Lim founded the Philomatic society and published the first Chinese magazine in the Straits in 1897. In the same year, he also campaigned against the wearing of queues among Chinese men, with the intention of toppling the Qing Dynasty in China.

In 1899, Lim co-founded the Singapore Chinese Girls' School (SCGS) with his friend, Song Ong Siang, to facilitate the education of Straits Chinese women. (Chinese girls were not encouraged to be educated before the 20th century, thus many were illiterate.) The next year, Lim founded the Straits Chinese British Association, and later became a president.

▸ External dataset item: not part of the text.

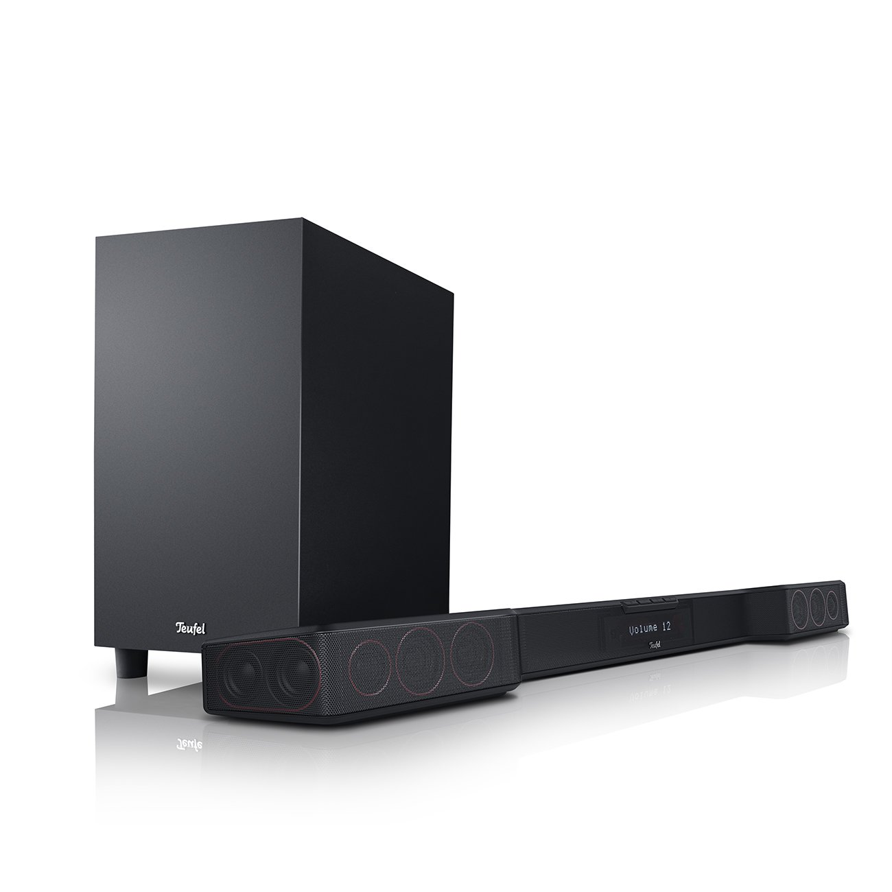 elevisiegeluid heeft nog nooit zo geweldig geklonken als met een soundbar van Teufel. Met tien high performance drivers en een subwoofer met een volle en nauwkeurige basweergave vult de Cinebar Duett elke kamer met groots geluid. De drivers aan de zijkant van de Duett zorgen samen met de door Teufel in Berlijn ontwikkelde Dynamore® Ultra-technologie voor een fascinerend omringend geluid.

As a member of the Legislative Council, Lim wanted opium banned, forming the Anti-Opium Society. However, opium was not banned until 1943 during the Japanese occupation of Singapore. The British reasoned that imposing a ban on opium would mean that the government would lose a source of income from the tax on opium. To make up for the loss, the governor suggested taxing the people's incomes. The main group that would be affected by this tax would be the merchants. Therefore, the European and Asian merchants opposed to this, and opium was not banned, although heavier taxes on opium were imposed.

Lim was awarded the Order of the British Empire (OBE) as an officer in 1918 for his services to the British Empire.

Together with Lim Nee Soon, Lim co-founded OAC Insurance in 1920. OAC was the first locally-owned insurance company to be set up in Singapore. The following year in June, upon the request of Sun Yat-sen, Lim served as the second president of the University of Amoy (now Xiamen University), until the outbreak of the Second Sino-Japanese War in July 1937. The university was founded by Lim's friend Tan Kah Kee.

Lim later went into banking, and co-founded the Oversea-Chinese Banking Corporation (OCBC)

As the President of Xiamen University, Lim published the Li Sao, also known as An Elegy on Encountering Sorrows.

In 1937, Lim founded the Straits Chinese China Relief Fund Committee of Singapore to support China in her war efforts against Japan.